= Wim van Es =

Dutch archaeologist

Willem Albertus "Wim" van Es (born 1934) is a Dutch archaeologist. Between 1965 and 1988, he was director of the Rijksdienst voor het Oudheidkundig Bodemonderzoek.

==Life==
Van Es was born in 1934 in Groningen. He studied classical archaeology and prehistory at the University of Groningen. From 1956 to 1965, he worked at the Biological-Archaeological Institute at the same university. From 1957 to 1958, he was also acting curator at the Drents Museum. From 1962 to 1965, he was curator at the Groninger Museum.

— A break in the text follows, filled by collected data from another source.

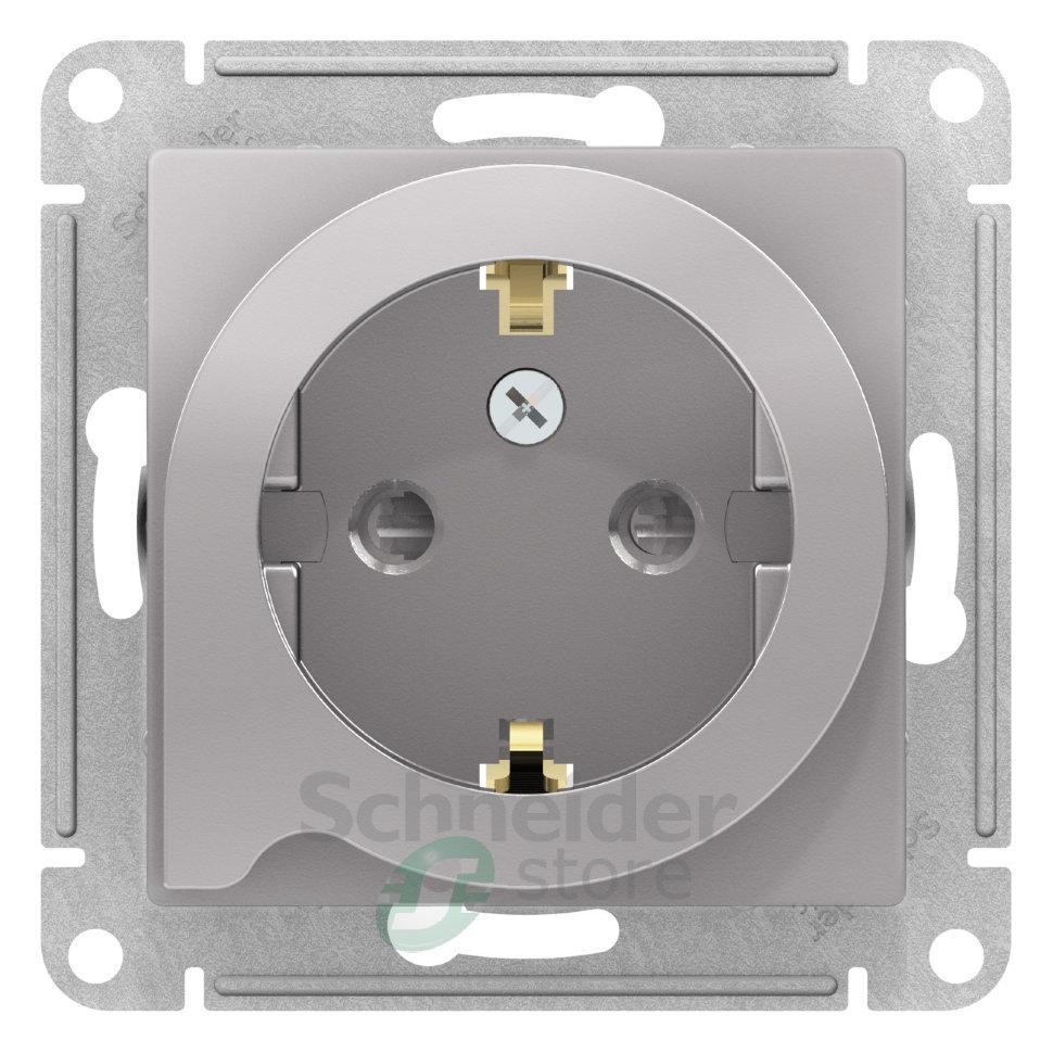 ATLASDESIGN РОЗЕТКА с заземлением со шторками с выталк., 16А, механизм, АЛЮМИНИЙ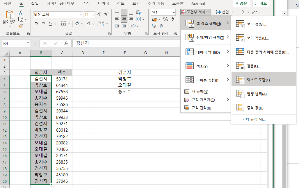 [홈]-[조건부 서식]-[셀 강조 규칙]-[텍스트 포함] 으로 들어갑니다.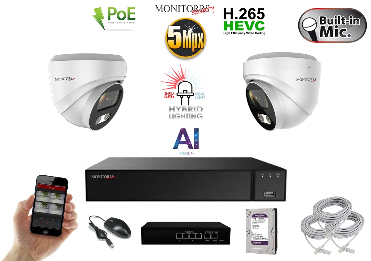 - MS AI hybrid Light IP 2 kamerový set so switchom 5 Mpix WDome (6141K2B)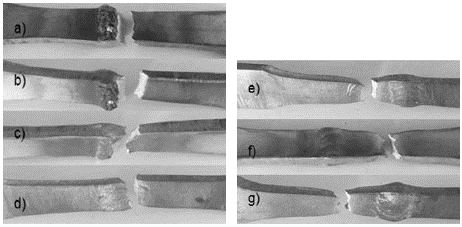Se atribuye la fractura de las probetas en el cordón de soldadura (Figs. 5 a-5d), debido a que durante el proceso de soldadura existen variables como: la falta de penetración, estabilidad del arco o concentración de temperatura en la ZAC, por el contenido de oxígeno atmosférico presente en la cámara, que impide que el argón actúe en la zona de fusión. Se observar que en las probetas 5e, 5f y 5g la rotura se produjo en el metal base, evidenciando que la soldadura resiste.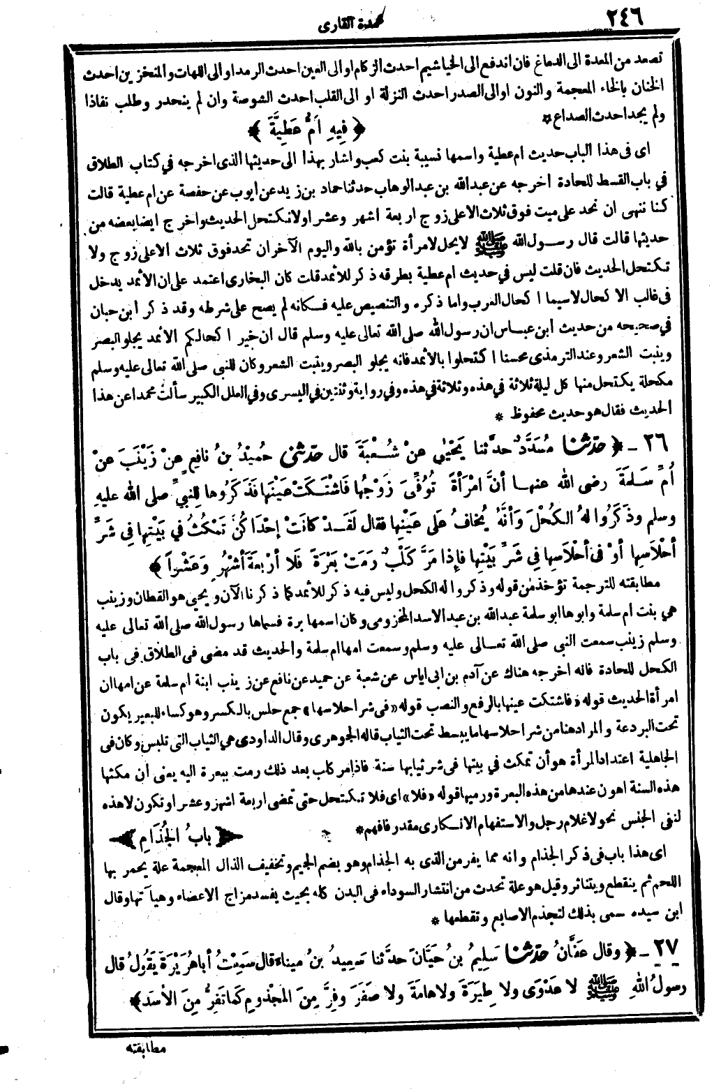 أَي: فِي هَذَا الْبَاب حَدِيث أم عَطِيَّة، وَاسْمهَا نسيبة بنت كَعْب، وَأَشَارَ بِهَذَا إِلَى حَدِيثهَا الَّذِي أخرجه فِي كتاب الطَّلَاق فِي: بَاب الْقسْط للحادة، أخرجه عَن عبد الله بن عبد الْوَهَّاب حَدثنَا حَمَّاد بن زيد عَن أَيُّوب عَن حَفْصَة عَن أم عَطِيَّة، قَالَت: كُنَّا ننهى أَن نحد على ميت فَوق ثَلَاث إلاَّ على زوج أَرْبَعَة أشهر وَعشرا، وَلَا نكتحل الحَدِيث وَأخرج أَيْضا بعضه من حَدِيثهَا، قَالَت: قَالَ رَسُول الله صلى الله عَلَيْهِ وَسلم: لَا يحل لامْرَأَة تؤمن بِاللَّه وَالْيَوْم الآخر أَن تحد فَوق ثَلَاث إلاَّ على زوج وَلَا تكتحل الحَدِيث. فَإِن قلت: لَيْسَ فِي حَدِيث أم عَطِيَّة بِطرقِهِ ذكر للإثمد! قلت: كَأَن البُخَارِيّ اعْتمد على أَن الإثمد يدْخل فِي غَالب الأكحال لاسيما أكحال الْعَرَب، وَأما ذكره والتنصيص عَلَيْهِ فَكَأَنَّهُ لم يَصح على شَرطه، وَقد ذكر ابْن حبَان فِي (صَحِيحه) من حَدِيث ابْن عَبَّاس: أَن رَسُول الله صلى الله عَلَيْهِ وَسلم، قَالَ: إِن خير أكحالكم الإثمد يجلو الْبَصَر وينبت الشّعْر، وَعند التِّرْمِذِيّ محسناً: اكتحلوا بالإثمد فَإِنَّهُ يجلو الْبَصَر وينبت الشّعْر، وَكَانَ للنَّبِي صلى الله عَلَيْهِ وَسلم مكحلة يكتحل مِنْهَا كل لَيْلَة ثَلَاثَة فِي هَذِه وَثَلَاثَة فِي هَذِه، وَفِي رِوَايَة: وثنتين فِي الْيُسْرَى، وَفِي (الْعِلَل الْكَبِير) : سَأَلت مُحَمَّدًا عَن هَذَا الحَدِيث فَقَالَ: هُوَ حَدِيث مَحْفُوظ.
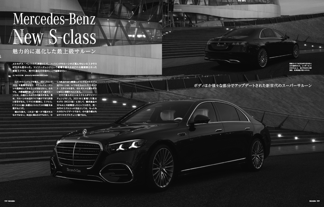 2020年に登場した現行モデル(W223型)に対して、構成部品の50%以上を新開発。同一世代のSクラスへの対応としては、もっとも大きなアップデートであり、その進化幅はもはやフルモデルチェンジ級だ。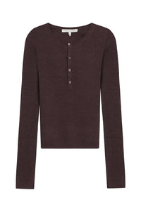 This super soft cashmere henley features a front-button placket detail, ribbed accents in a fitted silhouette.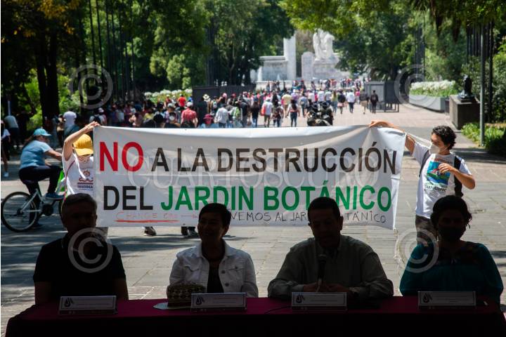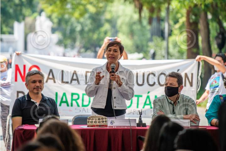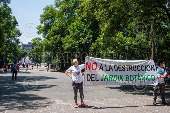 Personas se manifestaron en contra de la destrucción del Jardín Botánico durante el evento organizado por la Secretaría del Medio Ambiente, en el Bosque de Chapultepec.
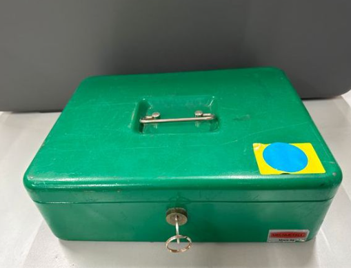 aisse à monnaie En acier laqué, sans soudures, poignée nickelée. Fermeture avec cylindre de sécurité et deux clés. Casier intérieur en matière plastique.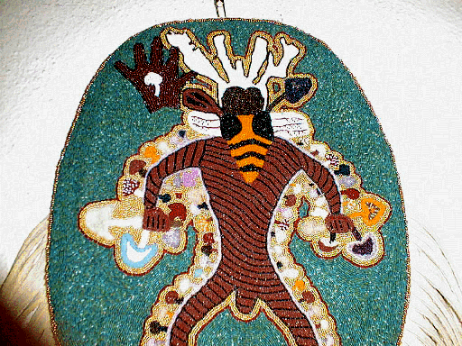 Here he is--August 11. Sewn to the braintanned/smoked leather, fringe is cut, and I've finished the fringe embellishment with green dentalium. The beadwork measures 10 1/2 inches by 8 1/4 inches. Hooray! He's done! (Of course, I still have to sew him to a vest-but no sweat there!)

He obtained his PhD at the University of Groningen in 1967 with a dissertation titled: "Wijster, a native village beyond the imperial frontier 150-425 AD." He was named part-time professor (Dutch: buitengewoon hoogleraar) of prehistory and protohistory of Northwestern Europe at the Vrije Universiteit Amsterdam in 1968.

Van Es became director of the Rijksdienst voor het Oudheidkundig Bodemonderzoek (ROB) in 1965 and remained in charge until 1988. When van Es took over as director from his predecessor Glazema he applied for more staff and financial funds to avoid having to throw away findings without even having done a proper analysis. He was successful in his applications and during his time as director the ROB grew from thirty to a hundred employees. Upon his departure as director the W.A. van Es prize for young archaeologists was established. Van Es remained working at the institute until 1997.

As an archaeologist, van Es was influential in the excavations of Dorestad. In the province of Drenthe, he was involved in Roman excavations in Gieten, Peize, Vries and Wijster. Van Es also performed excavations in grave fields and settlements in the province dating back to the Middle Ages. He published findings of Roman coins and statuettes in the three Northern provinces of Drenthe, Friesland, and Groningen.

Van Es was elected a member of the Royal Netherlands Academy of Arts and Sciences in 1978.